Open itayhac opened 4 months ago
Thanks for the detailed issue @itayhac. I tried to reproduce this by running OPA on docker and setting a 4GB memory limit. I increased the number of go routines from your script to send more concurrent requests to OPA. The maximum amount of memory consumed by OPA did not cross 200 MB. Is there something different in your actual setup vs the mock bundle you've provided here? I would expect the CPU usage to spike while OPA handles these requests but it's still unclear why OPA runs OOM.
Hi @ashutosh-narkar , thank you so much for you fast and detailed reply. i changed the files to reproduce the issue with 4GB memory (i increased the size and structure of the data.json file).
please retry and it should be reproduced.
One thing I noticed in the policy is you're using the object.get
builtin on the data set instead of just accessing under data.rules
for example. You can probably avoid using the builtin. Another thing I noticed when I run the stress test with the openpolicyagent/opa:0.64.1-static
image variant there is no significant increase in memory. Have you seen that as well?
any further thoughts? @ashutosh-narkar can we label it as bug and prioritize it?
@itayhac can you please confirm if you're able to repro this issue with the upstream OPA images including any differences with the static
variant. You mentioned (in a separate thread) that y'all are building your own images. Also this could be a relevant issue.
the problem is reproduced with our own OPA image (we compile latest), and with both latest public images (static and non-static)
This could be related to https://github.com/open-policy-agent/opa/issues/5946. In your policy you're referring to a large object and this can be replicated if you modify the policy to refer to the object w/o using the object.get
builtin. @johanfylling did you encounter something like this while working on https://github.com/open-policy-agent/opa/pull/6040 ?
@ashutosh-narkar, the work in #6040 focused solely on the CPU time aspect, and did not look at how memory usage was affected.
The data has some objects and arrays and I wonder if when referenced inside of the policy the interface-AST conversions are impacting performance in terms of CPU and memory.
We're looking to implement something like discussed in https://github.com/open-policy-agent/opa/issues/4147. This should probably help with performance as we'll avoid the interface to AST conversion during eval.
This issue has been automatically marked as inactive because it has not had any activity in the last 30 days. Although currently inactive, the issue could still be considered and actively worked on in the future. More details about the use-case this issue attempts to address, the value provided by completing it or possible solutions to resolve it would help to prioritize the issue.
@itayhac are you able to repro this with OPA v0.67.0? I was unable to repro this so would be good to verify incase I missed something.
This issue has been automatically marked as inactive because it has not had any activity in the last 30 days. Although currently inactive, the issue could still be considered and actively worked on in the future. More details about the use-case this issue attempts to address, the value provided by completing it or possible solutions to resolve it would help to prioritize the issue.

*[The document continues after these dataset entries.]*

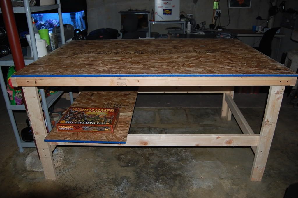 nice table. it'll look great with some terrain. the citadel trees mite look good. but i dig the man cave you got goin there.
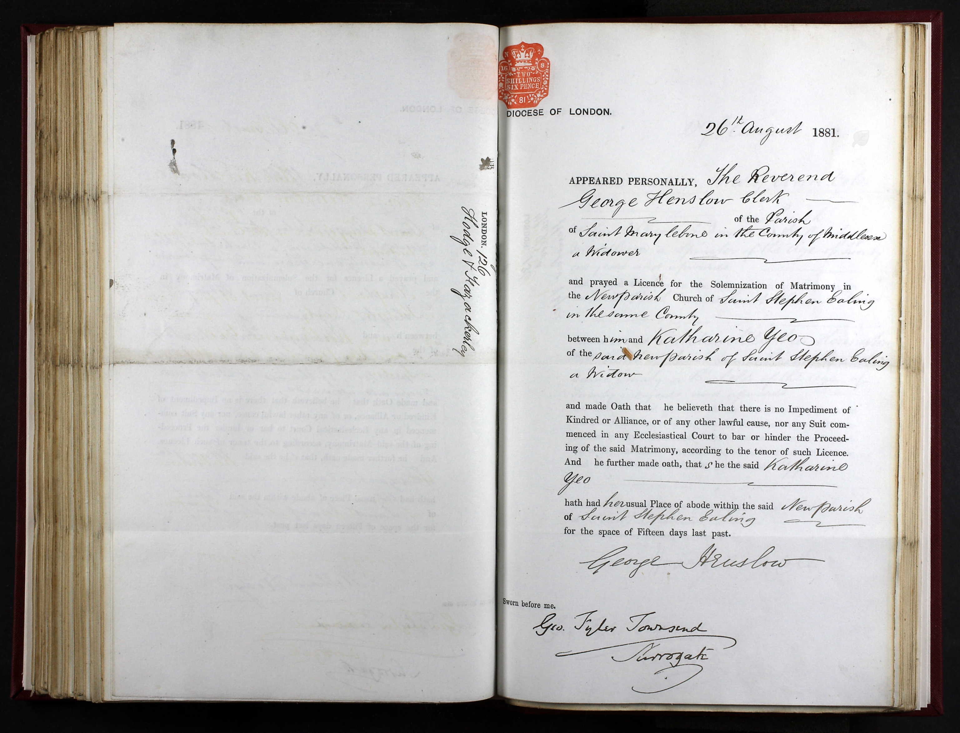 George married Katharine YEO [32133] [MRIN: 11430] in 1881. (Katharine YEO [32133] was born in 1846.) George next married Georgiana Brook BAILEY [26577] [MRIN: 11425], daughter of Rev John Hopkins BAILEY [26109] and Caroline Mary DAVIDSON [26110], on 31 Dec 1873 in St Paul St Pancras Camden LND. (Georgiana Brook BAILEY [26577] was born about 1843 in Wickford ESS, baptised on 25 May 1843 in St Catherine Wickford ESS and died in 1876 in Kensington LND.) |
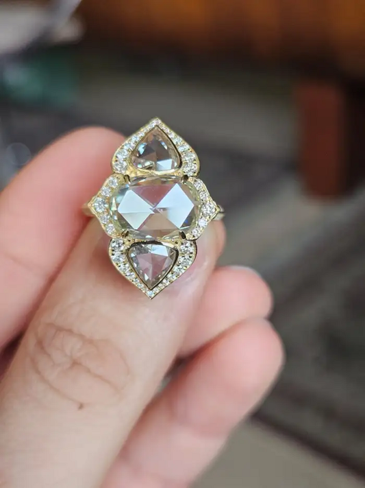 18k White Gold Art Deco Style Ring - Natural Rose Cut Diamond Engagement Ring
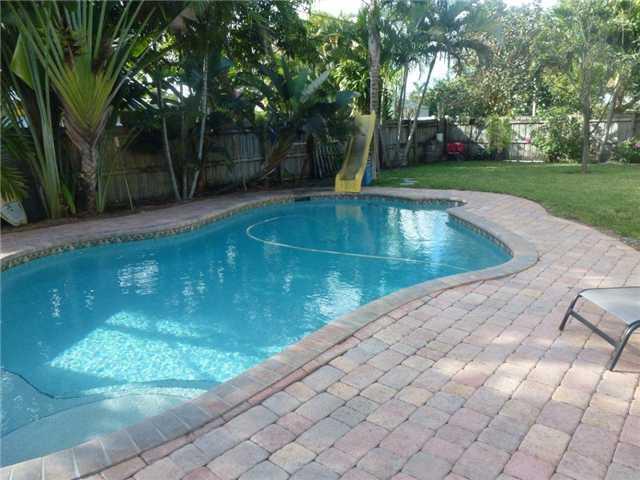 Adorable house, 2 bedrooms, 1 bath, 1 car carport. Very clean and immaculate. Delightful, tropical pool area and huge, fenced back yard. Hurricane shutters. Extensive use of pavers throughout property. Home has original, old style Barrel roof. No HOA.
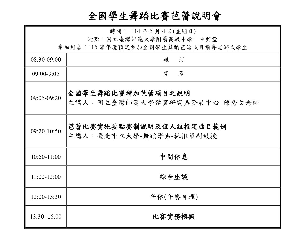 臺灣師範大學辦理「全國學生舞蹈比賽芭蕾說明會」,請有興趣的師長與同學參加。
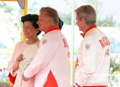 8月5日,俄羅斯奧運(yùn)代表團(tuán)在北京奧運(yùn)村舉行升旗儀式,北京奧運(yùn)村村長陳至立出席了升旗儀式。中新社發(fā) 盛佳鵬 攝
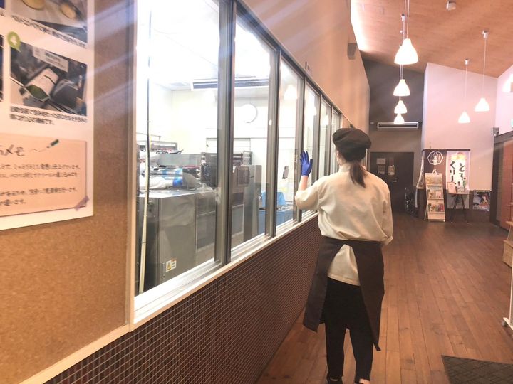 そんな八天堂ですが、今回紹介するのは、2023年4月にグランドオープンした「八天堂カフェリエきさらづ」。ここでは、予約不要・自由見学でガラス越しに工場見学が楽しめるほか、事前予約をすれば、VR工場見学やパンづくり体験もできるんです。
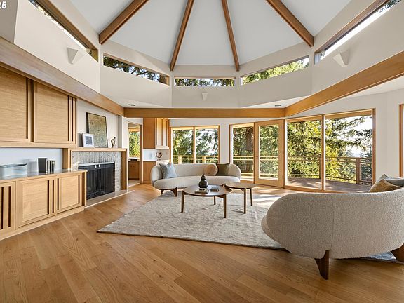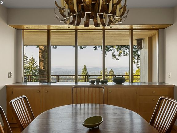 “The Carousel House” was commissioned by the Wyse family in 1969 and has remained in their care ever since. Designed by architect Marjorie Wintermute, one of Portland’s pioneering female architects and an alumna of Pietro Belluschi’s office, together with landscape architect Barbara Fealy, one of the Pacific Northwest’s most celebrated designers, the home captures a moment when modern architecture and landscape design were rooted in both innovation and sensitivity to place. The earliest plans came to life around the Wyse table, sketches spread out, martinis in hand, conversation carrying on late into the evening. Wintermute drew inspiration from Frank Lloyd Wright, shaping a roofline both bold and considerate. Its low planes echo Wright’s Prairie ideals, while clerestory towers draw light deep inside. Designed to preserve neighbors’ views, the three octagonal clerestory ceilings radiate outward like a carousel, giving the house its enduring name. Inside, wood paneling, built-ins, and three fireplaces bring warmth, while the original kitchen remains efficient, playful, and a joy to cook in. The great room gathers light by day and glows by night, opening to two decks with valley views from both levels. Fealy’s terraced plantings and layered greenery frame the house with harmony and quiet drama. With three bedrooms across more than 4,400 square feet, the plan offers flexibility for family, guests, or creative pursuits. First time on the market, held by one family with pride for over five decades. Sale also includes the adjoining .19 acre separate tax lot, with valley views and property access from SW Altadena. [Home Energy Score = 1. HES Report at https://rpt.greenbuildingregistry.com/hes/OR10242025]
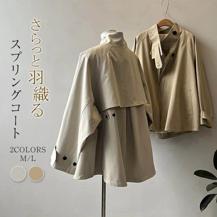 スプリングコート ポンチョ コート アウター レディース 春 秋 長袖 トレンチコート ジャケット ・・・
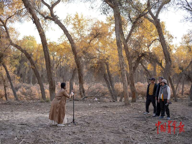 10月22日,新疆沙雅县,游客们在公路旁的胡杨林中拍照。中青报·中青网记者 李隽辉/摄
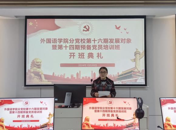 本网讯 10月30日,外国语学院第16期发展对象培训班暨第14期预备党员培训班开班仪式在9教103教室举行。校党校第三督导组组长许晓菁,学院党委副书记李校林,学院辅导员及全体学员参加开班仪式,仪式由培训班班主任陈小庆主持。
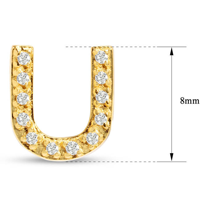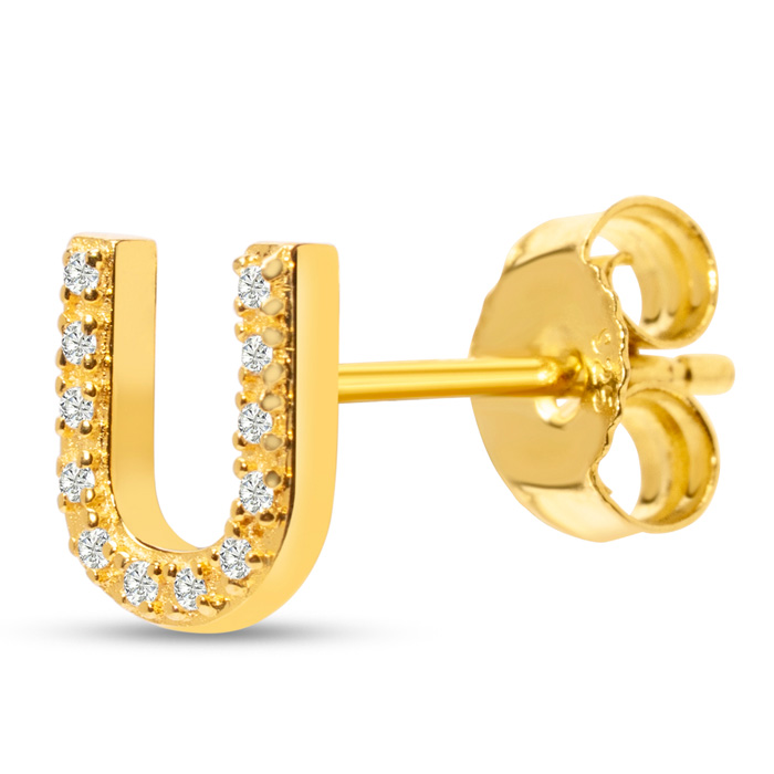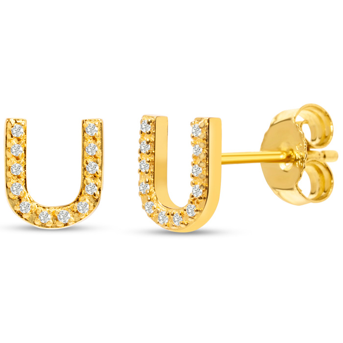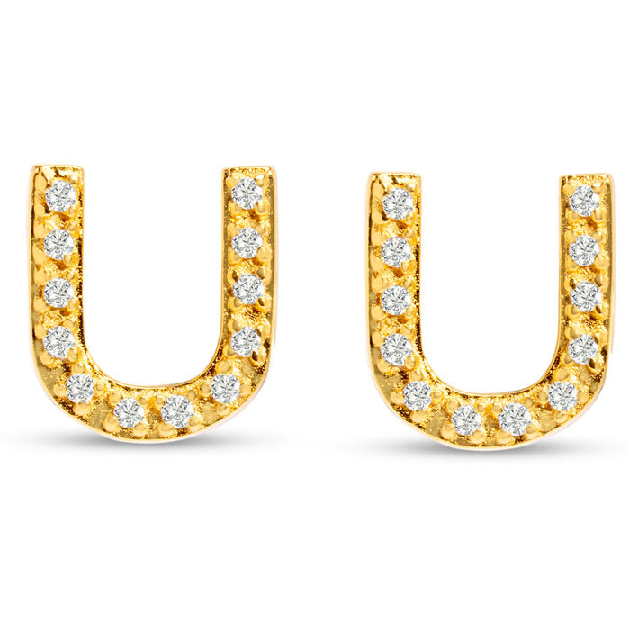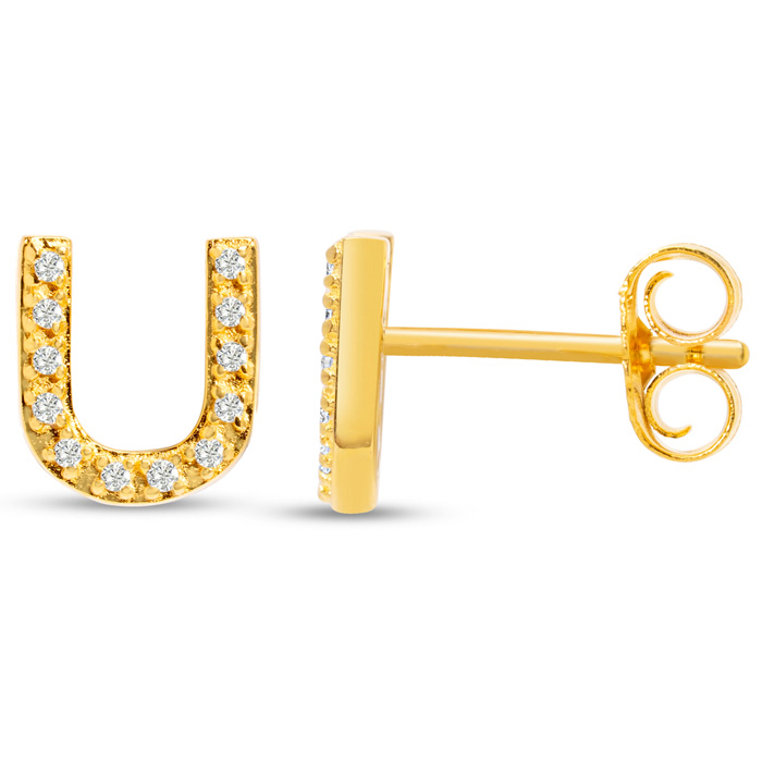 1/10 Carat Natural Diamond Letter U Initial Earrings In 14K Yellow Gold Over Sterling Silver
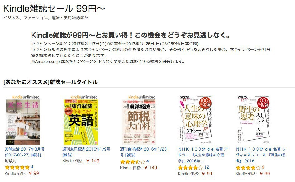 AmazonのKindleストアで現在、Kindle雑誌4,231冊を対象とした「Kindle雑誌セール 99円~」が開催されています。セール期間は2017年2月17日(金) 0時00分~2017年2月26日(日) 23時59分まで。
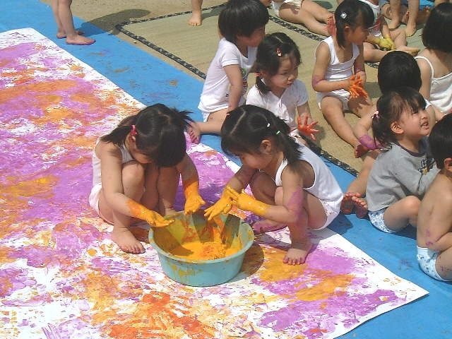 いよいよ年少組のこいのぼり製作の日となりました。前2日の年長さん、年中さんと同じ様に、暑いくらいのよいお天気になりました。1人ずつ手伝いながらやっとこことで、みんなシャツとパンツ姿になり、2列に並んで、ござの道を歩き真っ白い紙の周りに到着しました。簡単な説明をして、早速洗面器に用意したえのぐを子ども達にすすめました。が…気持ちが悪いのか、汚いと思っているのか、あまり乗り気ではありませんでした。そこで、えのぐでぬるぬるになっている私の手で子ども達の手に触れてみました。なにするの!?や、やめてよ!という表情でしたが、慣れてくるとぬるぬるといた感触が気持ちよかったようです。楽しんだ後お部屋に戻ってからは、大変な状態でしたが、「楽しかった」と言いにきてくれる子ども達に、元気をもらいました。来週には今日の「紙」がこいのぼりに変身です。子ども達と楽しみたいと思います。 |

we are working with OPA as our policy agent. we deploy multiple instances of OPA as docker containers on kubernetes. Each OPA has k8s memory limit of 4GB. also, each OPA loads a bundle with data.json file of about ~15Mb.
recently we have noticed that some of our OPA instances have been restarted due to OOM. after further investigation we have found out that it happens when OPA is receiving frequent requests and memory fails to get free fast enough, which in turns results in OOM very fast (within 3 seconds).
Disclaimer: the bundle i share here is a mock data that best mimics our use case. i will share the heapdump that we got for the mimic data, and for actual production data (both with same rego code).
Please note, these are functions are taking almost 90 percent of the memory and the service gets OOMed out within seconds.
this is also true for our production memory profile.
Steps To Reproduce
run the following command to start OPA: opa run --bundle itay_kenv_files/test_15mb.tar.gz --server --pprof --log-level=info run the code to trigger OPA requests
Expected behavior
memory should remain low or at least get free shortly after the requests are being made.
Code that sends 100 request to OPA
test_15mb.tar.gz memory profile.zip
if further information regarding our production setup is required ill be happy to provide it.